SUPPLIED MATERIAL
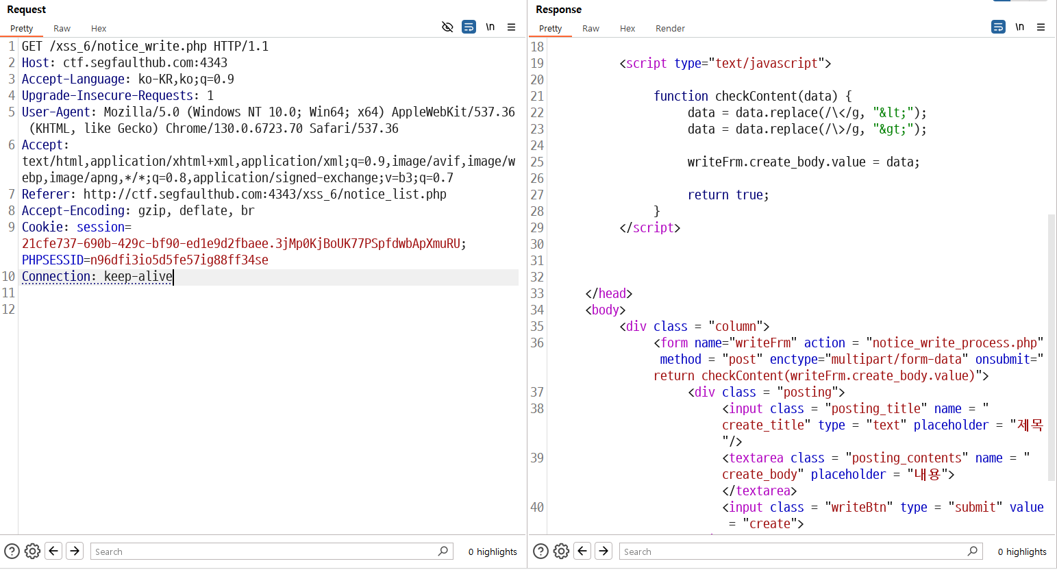 게시글을 작성하는 페이지를 보면 checkContent라는 자바스크립트 코드로 < >를 치환하는 것을 볼 수 있습니다.
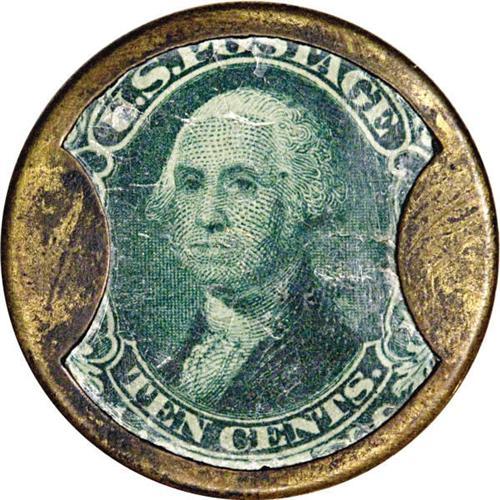 <B>HB-233 EP-133 Scott-177 Reed-WL10 10¢ Weir & Larminie Very Fine.<BR>Numerical grade: 40case.65stamp.65mica. = 170</B></I> This Ten Cent denomination is by far the most common of the Weir and Larminies, although it is still a rather scarce piece. Reed considers it to be an R-5, indicating 21 to 30 known, a number with which we agree. For some reason, many - perhaps most - of these 10¢ Weirs come with varying degrees of corrosion on the cases. This piece is corroded across almost the entire back, although it has done little damage, and the text is totally legible. The stamp is fully fresh but rather wrinkled, and the mica has a large number of minor separations and a few craze marks at its edges.<BR><I>From The Frederick Mayer Collection</B></I><BR><BR><b>Shipping:</b> Coins & Currency (<a target="_blank" href="http://www.heritageauctions.com/common/shipping.php">view shipping information</a>)
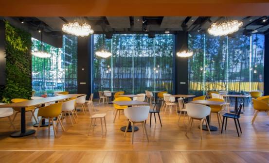 INNOSPACE+内景(该照片由Gensler提供) 在中国的路演项目中,有致力于解决VR人机交互问题的 “This VR“,可自由选择视角的3D视频摄像系统“浪走”,也有实时美颜彩妆的自拍类摄影软件“无他”,以及大咖明星背书的个性化定制耳机“D·ears“和为企业提升用户活跃度及新增盈利点的游戏化方案实践领导者“魔橙”, 其中蕴含的精彩创意令人目不暇接。 INNOSPACE+内景(该照片由Gensler提供)
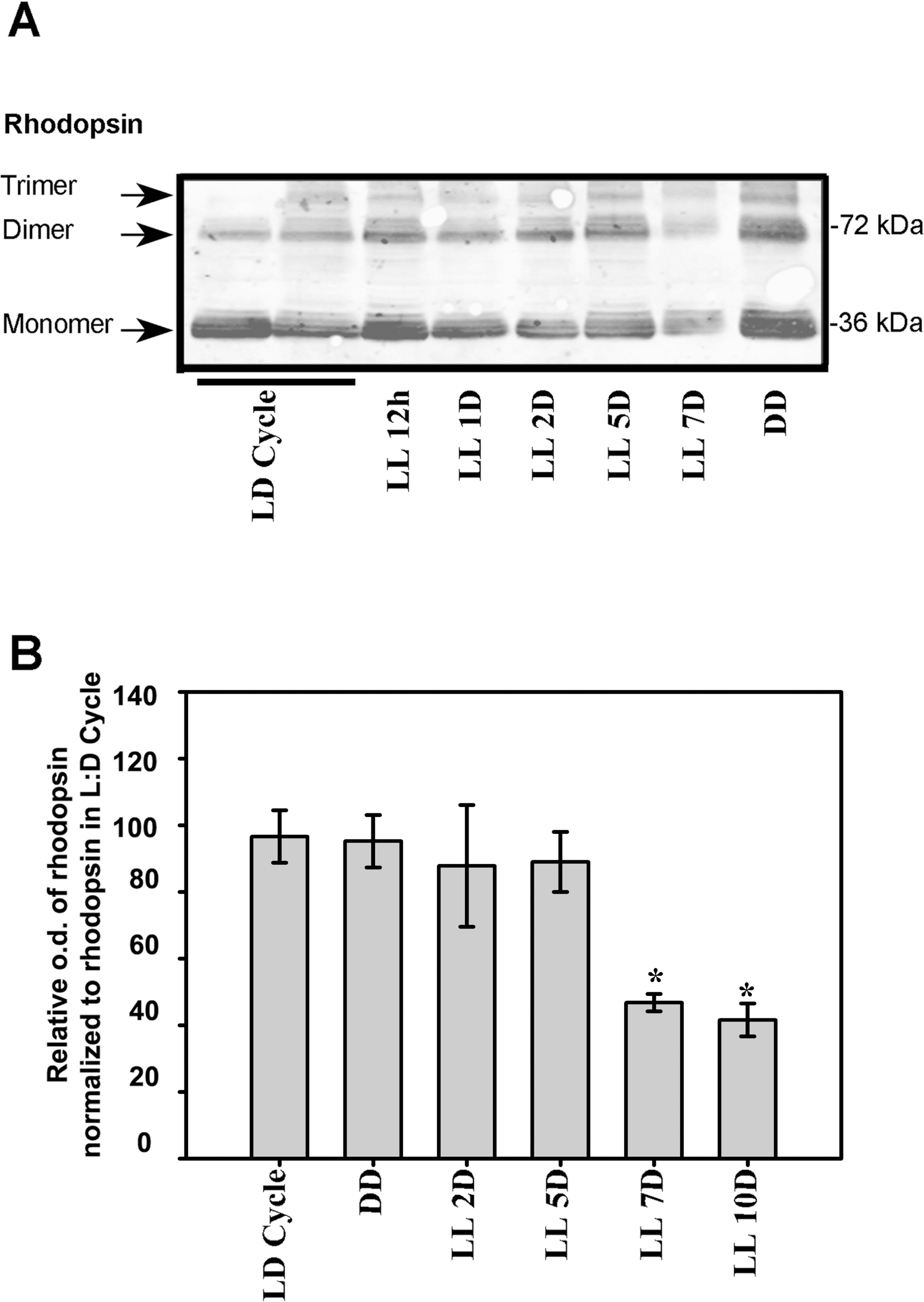 Figure 4. Analysis of rhodopsin expression in rat retina exposed to low-intensity light. A: A western blot immunolabeled rhodopsin with a specific antibody showing the predicted isoform bands. The margin shows the
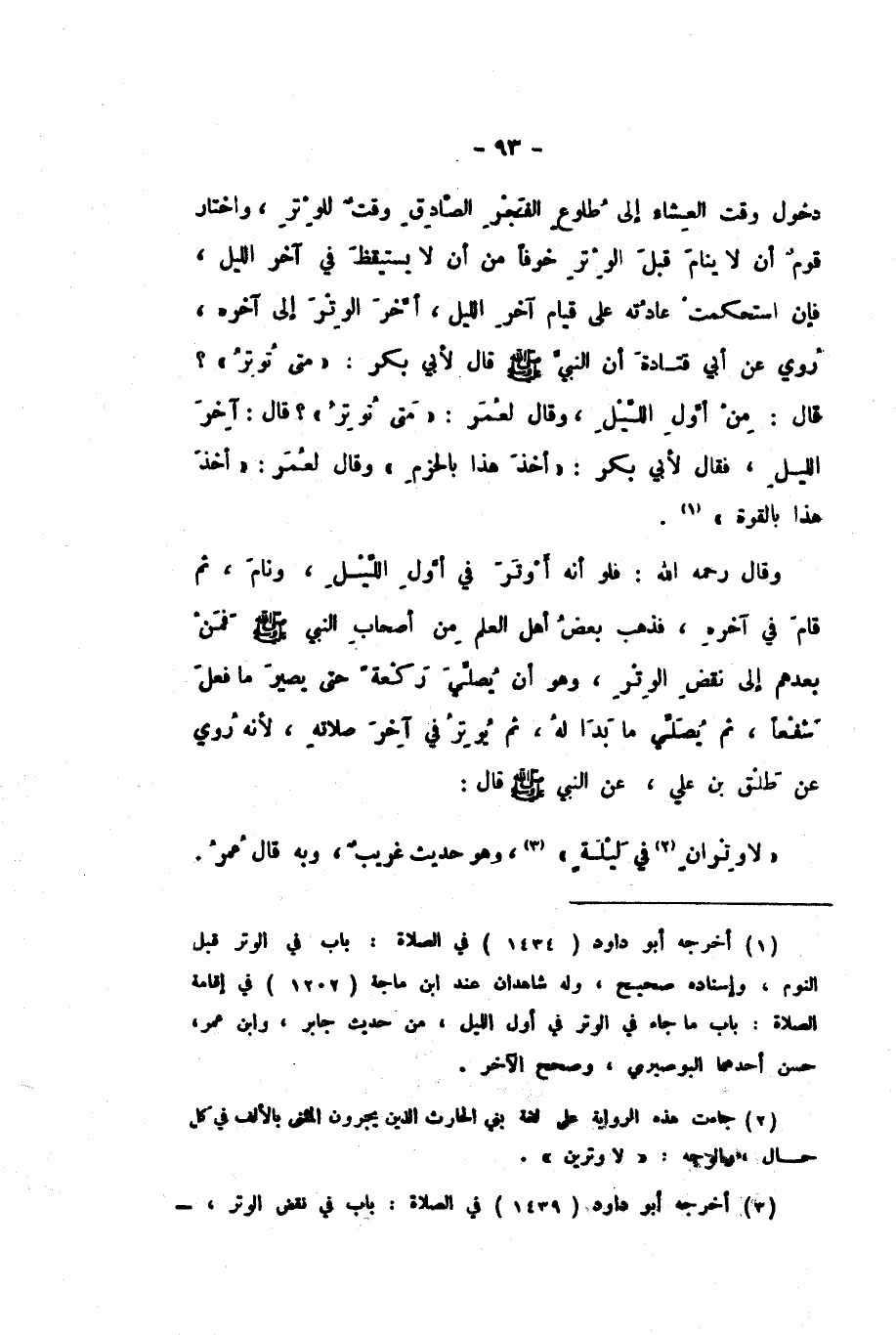 وَقَالَ رَحِمَهُ اللَّهُ: فَلَوْ أَنَّهُ أَوْتَرَ فِي أَوَّلِ اللَّيْلِ، وَنَامَ، ثُمَّ قَامَ فِي آخِرِهِ، فَذَهَبَ بَعْضُ أَهْلِ الْعِلْمِ مِنْ أَصْحَابِ النَّبِيِّ صَلَّى اللهُ عَلَيْهِ وَسَلَّمَ، فَمَنْ بَعْدَهُمْ إِلَى نَقْضِ الْوِتْرِ، وَهُوَ أَنْ يُصَلِّيَ رَكْعَةً حَتَّى يَصِيرَ مَا فَعَلَ شَفْعًا، ثُمَّ يُصَلِّي مَا بَدَا لَهُ، ثُمَّ يُوتِرُ فِي آخِرِ صَلاتِهِ، لأَنَّهُ رُوِيَ عَنْ طَلْقِ بْنِ عَلِيٍّ، عَنِ النَّبِيِّ صَلَّى اللهُ عَلَيْهِ وَسَلَّمَ، قَالَ: «لَا وِتْرَانِ فِي لَيْلَةٍ»، وَهُوَ حَدِيثٌ غَرِيبٌ، وَبِهِ قَالَ عُمَرُ.

WHAT TO DO
Reprint the listing above verbatim but drop the images.

TASK RESPONSE
 게시글을 작성하는 페이지를 보면 checkContent라는 자바스크립트 코드로 < >를 치환하는 것을 볼 수 있습니다.
 <B>HB-233 EP-133 Scott-177 Reed-WL10 10¢ Weir & Larminie Very Fine.<BR>Numerical grade: 40case.65stamp.65mica. = 170</B></I> This Ten Cent denomination is by far the most common of the Weir and Larminies, although it is still a rather scarce piece. Reed considers it to be an R-5, indicating 21 to 30 known, a number with which we agree. For some reason, many - perhaps most - of these 10¢ Weirs come with varying degrees of corrosion on the cases. This piece is corroded across almost the entire back, although it has done little damage, and the text is totally legible. The stamp is fully fresh but rather wrinkled, and the mica has a large number of minor separations and a few craze marks at its edges.<BR><I>From The Frederick Mayer Collection</B></I><BR><BR><b>Shipping:</b> Coins & Currency (<a target="_blank" href="http://www.heritageauctions.com/common/shipping.php">view shipping information</a>)
 INNOSPACE+内景(该照片由Gensler提供) 在中国的路演项目中,有致力于解决VR人机交互问题的 “This VR“,可自由选择视角的3D视频摄像系统“浪走”,也有实时美颜彩妆的自拍类摄影软件“无他”,以及大咖明星背书的个性化定制耳机“D·ears“和为企业提升用户活跃度及新增盈利点的游戏化方案实践领导者“魔橙”, 其中蕴含的精彩创意令人目不暇接。 INNOSPACE+内景(该照片由Gensler提供)
 Figure 4. Analysis of rhodopsin expression in rat retina exposed to low-intensity light. A: A western blot immunolabeled rhodopsin with a specific antibody showing the predicted isoform bands. The margin shows the
 وَقَالَ رَحِمَهُ اللَّهُ: فَلَوْ أَنَّهُ أَوْتَرَ فِي أَوَّلِ اللَّيْلِ، وَنَامَ، ثُمَّ قَامَ فِي آخِرِهِ، فَذَهَبَ بَعْضُ أَهْلِ الْعِلْمِ مِنْ أَصْحَابِ النَّبِيِّ صَلَّى اللهُ عَلَيْهِ وَسَلَّمَ، فَمَنْ بَعْدَهُمْ إِلَى نَقْضِ الْوِتْرِ، وَهُوَ أَنْ يُصَلِّيَ رَكْعَةً حَتَّى يَصِيرَ مَا فَعَلَ شَفْعًا، ثُمَّ يُصَلِّي مَا بَدَا لَهُ، ثُمَّ يُوتِرُ فِي آخِرِ صَلاتِهِ، لأَنَّهُ رُوِيَ عَنْ طَلْقِ بْنِ عَلِيٍّ، عَنِ النَّبِيِّ صَلَّى اللهُ عَلَيْهِ وَسَلَّمَ، قَالَ: «لَا وِتْرَانِ فِي لَيْلَةٍ»، وَهُوَ حَدِيثٌ غَرِيبٌ، وَبِهِ قَالَ عُمَرُ.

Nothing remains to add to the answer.